Выбрать главу

Однако наиболее существенные моменты в романе «Возможность острова» – вовсе не фейерверк страстей главного героя, жестоко переживающего неизбежное старение, а под конец постоянно муссирующего тему потенциальной сексуальной невостребованности: «За всю жизнь меня не интересовало ничего, кроме собственного члена, теперь мой член умер, и я собирался последовать за ним, пережить тот же роковой упадок, и поделом…». И даже не попытка объяснения учения Элохим – вечные поиски бессмертия. Гораздо важнее то, сколь скрупулезно-безжалостно препарирует Уэльбек Двуногое Прямоходящее: «Францию накрыла волна сильных холодов, каждое утро на тротуарах находили замерзших бомжей»; «Каждый год летом во Франции начинался сезон отпусков, и каждый год в больницах и домах для престарелых множество стариков умирали от отсутствия ухода; но никто уже давно не возмущался, в известном смысле это вошло в обычай, превратилось во вполне естественный способ решить статистическую проблему…»; «Любая форма жестокости, циничного эгоизма и насилия принималась на ура…», etc.

Острым опытом, который ставит писатель на Даниэле 1 и последнем, Даниэле 25, является «двойная» трагическая гибель Фокса: один из глубинных смыслов этого, щедрого на жесткий натурализм, текста. Главный герой – как человек (1), так и неочеловек (25) – приходит, наконец, к тому, что именно собака является наиболее важным и нужным ему существом, и что именно ее следует любить со всей чистотой и бескорыстием альтруизма. Альтруизма, невозможного при общении ни с полярным, ни с одинаково заряженным полом. Даниэль 25 сожалеет лишь о том, что «стал причиной гибели Фокса, единственно известного мне существа, заслужившего право жить дальше, ибо в глазах его иногда зажигалась искра, предвещавшая пришествие Грядущих». Более того: Даниэль 1 любил Фокса больше, чем он любил Изабель и Эстер, сам того не осознавая, что, впрочем, неудивительно: окончательно запутавшийся, растерзанный богачок, лишившийся абсолютно всех духовных подпорок: верил ли он в собственное воскресение, убивая физическую оболочку?

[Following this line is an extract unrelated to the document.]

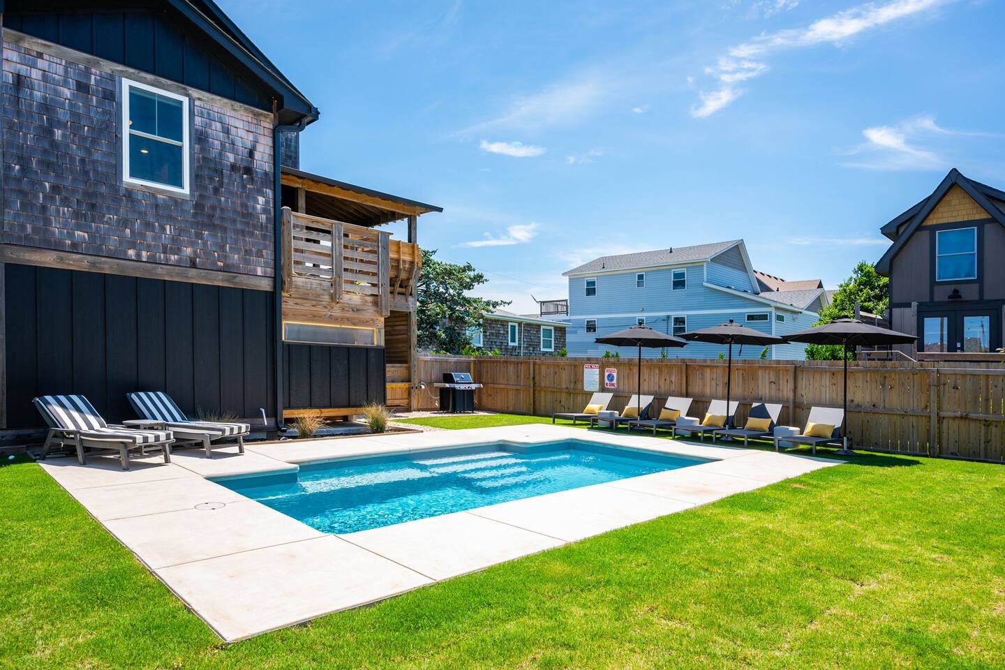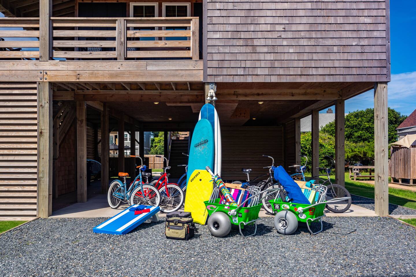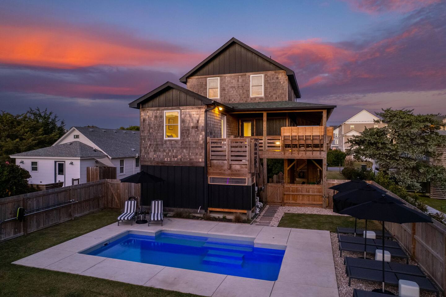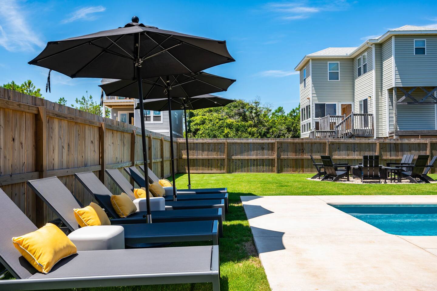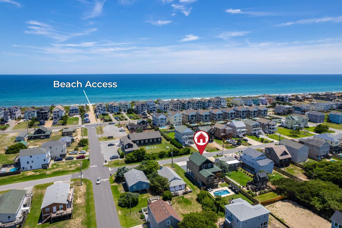 Top floor has 3 bedrooms and 2 bathrooms. - 1 king bed with en suite primary bathroom w/shower - 1 king bed - 2 sets of double bunks (twin over twin) - main bathroom with tub/shower combo Mid level floor - Living room with 85 inch tv - Dining table can accommodate 8 guests comfortably - Additional seating outdoors and at kitchen island - 4th bedroom with king bed and en suite bathroom. Has private access off the kitchen back door that we call our "mother in-law" suite. Also has a mini fridge and microwave. - Washer and dryer Ground level - Heated pool (Pool heat is free - no additional charge) - Hot tub - Fully fenced backyard - Beach gear and beach cruiser bikes - Chairs and umbrellas - Wood burning fire pit (firewood provided) - Gas grill - Outdoor shower We supply: - Bed linens and bath towels - Beach towels - 8 beach chairs and umbrellas for you to use - Cooler - Beach cart that rolls on sand

Умышленно раздавленный неким рабочим-троглодитом Фокс в случае человека Даниэля 1 (причина убийства – тупая социальная зависть) и последний, воскрешенный Фокс, зверски убитый дикарями в случае неочеловека Даниэля 25 – ноукомментный смертный приговор нынешнему виду: «Теперь я точно знал, что изведал любовь, потому что изведал страдание… Мое одиночество было безысходно». Стоит отметить, что положить конец всей этой безысходности – страданиям, на которые обречены люди, – Уэльбек предлагает весьма радикальным способом: освободить себя от потомства, ведь боль и печаль не уйдут, «пока женщины будут рождать детей». Животный механизм репродукции, заложенный в любой самке, – вот корень людских бед. Точнее, «бед роботов» – Даниэль 25 с горечью констатирует: «Подобно им (людям. – Н. Р.), мы были всего лишь разумными механизмами. Но, в отличие от них, сознавали, что мы – не более чем механизмы».

Эти-то самые механизмы и превратят через 2000 лет остатки расы в чудовищных примитивов («карикатурные отходы человечества»): т. е. «отходы» вернутся, так сказать, к «истокам». Итак, дикари: злые, жестокие, ограниченные – лишь клинический идиот не увидит в них замаскированных современников: «бедных, злых, любимых».

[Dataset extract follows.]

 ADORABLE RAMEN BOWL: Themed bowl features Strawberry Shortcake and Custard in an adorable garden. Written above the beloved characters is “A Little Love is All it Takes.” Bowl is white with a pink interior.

Отношение к старикам как к «отработанному материалу» характерно как для древних сообществ варваров, так и для большинства современных «цивилизованных» варваров. Уэльбек называет войну против стариков (sic!) «смертельным поединком, имеющим целью уничтожить наименее жизнеспособного индивида», что и делается, собственно, в большинстве домов престарелых третьего тысячелетия.

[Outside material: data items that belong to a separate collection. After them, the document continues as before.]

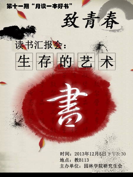 2013年12月5日下午在教B113举办了以“生存的艺术”为主题的读书汇报交流会。
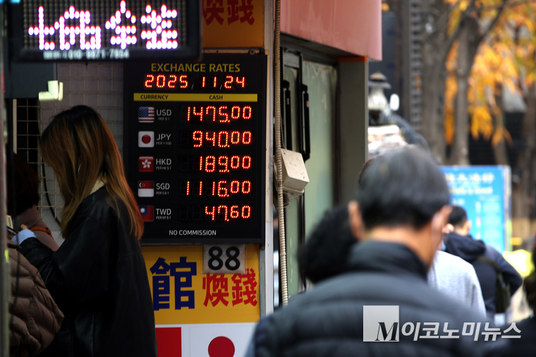 「M포토」 원 달러 환율, 1475원...사설 환전소의 환율 현황판
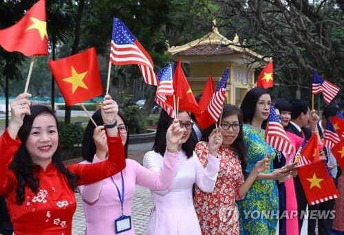 미국과 베트남 국기를 들고 있는 하노이 시민들 |

На чашах весов – изолгавшееся общество потребления XXI-го с его перверзивным культом силы и жестокости, на другой – те же дикари с теми же культами: словно и не было этих двух тысяч лет… НЕ-естественный отбор, предполагающий выживание сильнейших и чудовищнейших. Однако механизм самоуничтожения, запущенный человечеством, не напрасен – таких людей, как замечает между строк Уэльбек, не должно быть.

Последний нео-Даниэль, как и все его предки, имеющие ДНК Даниэля 1, по понятным причинам не испытывает сострадания к людям (= дикарям). Неолюди («механизмы», гораздо лучше оснащенные как физически, так и умственно; «усовершенствованная обезьяна» – так называет себя Даниэль 25), читая записи предшественников, так скажем, недопонимали деяния далеких предков. А самой загадочной опцией оставалась для них пресловутая любовь. Неолюди – промежуточная форма между людьми и Грядущими, пришествие которых и является основным мотивом «войны против человечества», – объясняли ее рождение в основном страхом одиночества и силой либидо. Однако на самом деле они уже не понимали, что представляет собой это чувство. И именно Фокс открыл Даниэлю 25 «опцию любви». И именно благодаря четвероногому созданию двуногое обрело способность любить и поверило… в возможность острова: быть может, он и существует, кто знает?